Ratifying the Kyoto Accord is really a rather breath-taking example as the same Liberal government went on to ignore it utterly and let emissions sky-rocket.

Pensions: Minority government. Original under Mackenzie King's minority, updated under Pearson's minority. Indexed to the cost of living under Trudeau's minority.

Government loans for university students: Minority government.

The Canada Assistance Plan: Minority government.

Creation of PetroCanada: Minority government.

The example of Unemployment Insurance is also breathtakingly ballsy, as it was the Liberals who gutted and looted it.

Keeping us out of Iraq: Minority government, with an overwhelming majority of Canadians telling them they'd pay at the ballot box if they got us into it. So they bent over Bush on star wars and policing Afghanistan to make up for it.

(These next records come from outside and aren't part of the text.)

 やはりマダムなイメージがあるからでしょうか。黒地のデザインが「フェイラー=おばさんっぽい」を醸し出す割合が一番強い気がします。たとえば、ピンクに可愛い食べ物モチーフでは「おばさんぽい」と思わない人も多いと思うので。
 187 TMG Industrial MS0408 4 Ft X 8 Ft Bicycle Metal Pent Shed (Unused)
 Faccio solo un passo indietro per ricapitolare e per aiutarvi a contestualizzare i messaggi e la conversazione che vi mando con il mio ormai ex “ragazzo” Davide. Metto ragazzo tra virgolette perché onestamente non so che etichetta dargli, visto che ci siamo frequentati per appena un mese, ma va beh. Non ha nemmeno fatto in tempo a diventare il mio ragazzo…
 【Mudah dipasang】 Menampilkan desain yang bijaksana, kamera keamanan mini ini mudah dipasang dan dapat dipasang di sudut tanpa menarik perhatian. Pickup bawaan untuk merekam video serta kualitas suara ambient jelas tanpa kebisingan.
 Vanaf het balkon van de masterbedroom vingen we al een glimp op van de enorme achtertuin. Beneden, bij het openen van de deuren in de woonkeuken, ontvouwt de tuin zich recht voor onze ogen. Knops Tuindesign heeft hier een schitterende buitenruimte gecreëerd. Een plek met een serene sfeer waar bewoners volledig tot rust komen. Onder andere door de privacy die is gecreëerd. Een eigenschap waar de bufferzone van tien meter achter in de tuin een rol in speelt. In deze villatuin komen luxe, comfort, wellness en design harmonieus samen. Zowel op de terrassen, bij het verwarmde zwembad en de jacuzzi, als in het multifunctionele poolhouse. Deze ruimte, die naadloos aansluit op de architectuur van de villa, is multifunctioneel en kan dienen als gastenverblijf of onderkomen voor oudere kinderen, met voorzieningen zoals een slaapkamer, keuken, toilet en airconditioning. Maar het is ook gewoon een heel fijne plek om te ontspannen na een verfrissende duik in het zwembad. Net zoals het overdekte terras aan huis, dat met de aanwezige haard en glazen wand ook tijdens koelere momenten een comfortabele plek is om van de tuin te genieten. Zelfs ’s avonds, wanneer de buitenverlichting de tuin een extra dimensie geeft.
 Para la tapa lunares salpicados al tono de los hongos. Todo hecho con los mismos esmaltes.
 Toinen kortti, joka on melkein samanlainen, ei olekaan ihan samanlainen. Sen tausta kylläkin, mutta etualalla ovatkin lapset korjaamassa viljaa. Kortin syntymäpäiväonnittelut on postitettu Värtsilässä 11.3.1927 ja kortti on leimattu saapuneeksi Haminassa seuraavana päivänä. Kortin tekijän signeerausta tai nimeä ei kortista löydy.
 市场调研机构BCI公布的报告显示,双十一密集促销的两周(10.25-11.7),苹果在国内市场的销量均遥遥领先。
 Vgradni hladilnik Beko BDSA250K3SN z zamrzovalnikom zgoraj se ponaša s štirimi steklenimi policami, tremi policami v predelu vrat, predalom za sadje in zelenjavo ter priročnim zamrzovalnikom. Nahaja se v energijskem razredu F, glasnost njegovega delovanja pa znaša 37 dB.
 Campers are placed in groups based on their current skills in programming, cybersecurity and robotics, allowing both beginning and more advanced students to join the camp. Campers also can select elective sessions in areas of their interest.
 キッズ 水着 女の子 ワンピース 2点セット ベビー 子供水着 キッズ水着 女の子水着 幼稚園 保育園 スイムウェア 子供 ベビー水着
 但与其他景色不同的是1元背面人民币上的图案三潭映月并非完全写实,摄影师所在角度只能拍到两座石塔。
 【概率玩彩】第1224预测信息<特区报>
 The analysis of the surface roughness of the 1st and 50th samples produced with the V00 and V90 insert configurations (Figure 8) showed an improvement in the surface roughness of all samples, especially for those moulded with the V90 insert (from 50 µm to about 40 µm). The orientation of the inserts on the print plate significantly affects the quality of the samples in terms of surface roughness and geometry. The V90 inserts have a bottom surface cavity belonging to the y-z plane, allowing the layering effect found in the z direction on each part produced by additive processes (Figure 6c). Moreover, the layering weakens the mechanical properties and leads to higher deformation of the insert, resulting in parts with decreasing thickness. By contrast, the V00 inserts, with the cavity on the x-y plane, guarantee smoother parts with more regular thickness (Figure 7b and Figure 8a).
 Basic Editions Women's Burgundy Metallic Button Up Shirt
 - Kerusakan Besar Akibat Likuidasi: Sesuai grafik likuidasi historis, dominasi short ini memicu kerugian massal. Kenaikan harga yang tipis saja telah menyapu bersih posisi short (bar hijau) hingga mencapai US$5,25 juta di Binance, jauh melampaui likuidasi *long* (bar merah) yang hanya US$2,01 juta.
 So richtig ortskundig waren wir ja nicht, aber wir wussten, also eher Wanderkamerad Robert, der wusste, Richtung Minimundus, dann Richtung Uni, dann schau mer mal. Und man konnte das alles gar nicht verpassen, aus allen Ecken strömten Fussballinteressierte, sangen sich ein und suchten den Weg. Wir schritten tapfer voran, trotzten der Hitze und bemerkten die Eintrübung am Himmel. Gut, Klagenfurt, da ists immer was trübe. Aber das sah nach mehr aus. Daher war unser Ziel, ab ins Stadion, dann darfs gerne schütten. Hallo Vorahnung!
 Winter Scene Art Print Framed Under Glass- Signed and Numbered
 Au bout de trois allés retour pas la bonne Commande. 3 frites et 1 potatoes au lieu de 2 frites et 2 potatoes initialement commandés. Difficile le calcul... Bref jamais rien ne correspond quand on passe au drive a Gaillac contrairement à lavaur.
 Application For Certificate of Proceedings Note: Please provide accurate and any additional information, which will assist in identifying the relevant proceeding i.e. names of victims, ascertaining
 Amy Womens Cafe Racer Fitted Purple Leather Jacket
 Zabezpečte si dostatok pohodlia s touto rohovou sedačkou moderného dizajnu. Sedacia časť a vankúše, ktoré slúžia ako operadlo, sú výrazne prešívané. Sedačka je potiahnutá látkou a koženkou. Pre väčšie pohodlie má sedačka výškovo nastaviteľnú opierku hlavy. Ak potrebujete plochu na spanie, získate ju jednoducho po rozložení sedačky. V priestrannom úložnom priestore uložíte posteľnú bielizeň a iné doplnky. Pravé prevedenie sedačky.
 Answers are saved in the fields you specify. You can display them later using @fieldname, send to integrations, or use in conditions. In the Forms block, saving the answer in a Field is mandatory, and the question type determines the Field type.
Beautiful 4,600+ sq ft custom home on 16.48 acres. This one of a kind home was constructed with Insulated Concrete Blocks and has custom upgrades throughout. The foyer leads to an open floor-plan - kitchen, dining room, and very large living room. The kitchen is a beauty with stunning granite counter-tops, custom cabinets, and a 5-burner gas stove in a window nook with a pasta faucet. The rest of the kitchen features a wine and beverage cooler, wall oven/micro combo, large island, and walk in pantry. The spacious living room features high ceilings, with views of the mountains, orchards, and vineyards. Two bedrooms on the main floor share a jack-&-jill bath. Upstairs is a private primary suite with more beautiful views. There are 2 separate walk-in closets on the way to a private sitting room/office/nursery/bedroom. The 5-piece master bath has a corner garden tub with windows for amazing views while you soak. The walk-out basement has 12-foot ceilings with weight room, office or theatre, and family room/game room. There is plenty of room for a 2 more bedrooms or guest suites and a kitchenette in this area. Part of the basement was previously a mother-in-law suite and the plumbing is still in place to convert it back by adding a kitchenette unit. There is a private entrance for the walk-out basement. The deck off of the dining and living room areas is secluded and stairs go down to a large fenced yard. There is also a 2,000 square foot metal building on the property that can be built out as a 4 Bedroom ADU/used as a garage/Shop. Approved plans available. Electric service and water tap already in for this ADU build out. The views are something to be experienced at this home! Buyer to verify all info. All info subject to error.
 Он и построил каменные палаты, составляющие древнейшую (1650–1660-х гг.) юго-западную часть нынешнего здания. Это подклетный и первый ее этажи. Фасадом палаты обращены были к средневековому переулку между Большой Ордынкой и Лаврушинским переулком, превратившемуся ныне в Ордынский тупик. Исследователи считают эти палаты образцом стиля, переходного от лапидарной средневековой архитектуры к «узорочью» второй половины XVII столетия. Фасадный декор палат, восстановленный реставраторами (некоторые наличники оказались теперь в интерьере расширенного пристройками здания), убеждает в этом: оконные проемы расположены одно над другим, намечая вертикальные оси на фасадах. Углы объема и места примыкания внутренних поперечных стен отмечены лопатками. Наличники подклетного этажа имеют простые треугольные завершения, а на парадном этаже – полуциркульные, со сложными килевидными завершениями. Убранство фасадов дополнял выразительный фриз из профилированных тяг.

There's more, in fact you'd have a easier, quicker time of counting the examples Rob presented that weren't forced on the governments that brought them forward.

How about promising a child care plan for twelve years before bringing it up in the panicky dying days of a doomed minority?

Cliff said...

As rob corrected me elsewhere, it was a majority under Chretien that rejected Bush's invitation to his Mesopotamian quagmire. Credit where credit is due.

Too bad the Libs then went on to sign up for Star Wars and policing Afghanistan for the Americans so they could give Iraq more attention...

rob said...

I was under the impression that I was to disclude legislation that was forced upon Liberals during minority governments. I didn't realize that if a Liberal government ever accomplishes something in a minority situation, then ipso facto it was forced upon them.

The reason I didn't realize this, of course, is because it is a ridiculous assertion.

Cliff said...

ReeeEEEaly? A ridiculous assertion?

So years of do-nothing, or do-as-little-as-possible if you prefer, Liberal majority's blandly forgetful of their progressive campaign promises don't constitute evidence of precisely that?

Interesting.

But hey I can understand why it took twelve years of promising a child care plan and over a decade of unassailable majority before it actually got rolled out in the desperate dying days of a fragile minority, Canadians probably have wasted any savings they got from it on beer and popcorn right?

Same with Medicare, Pensions, Student Loans, the CAD right? Just coincidence that it took minority's to get every single one of them.

It's this kind of respect for the intelligence of the Canadian public that has placed the Liberal Party of Canada in it's current position. Please feel free go on operating under the same assumptions and sliding further and further into irrelevancy.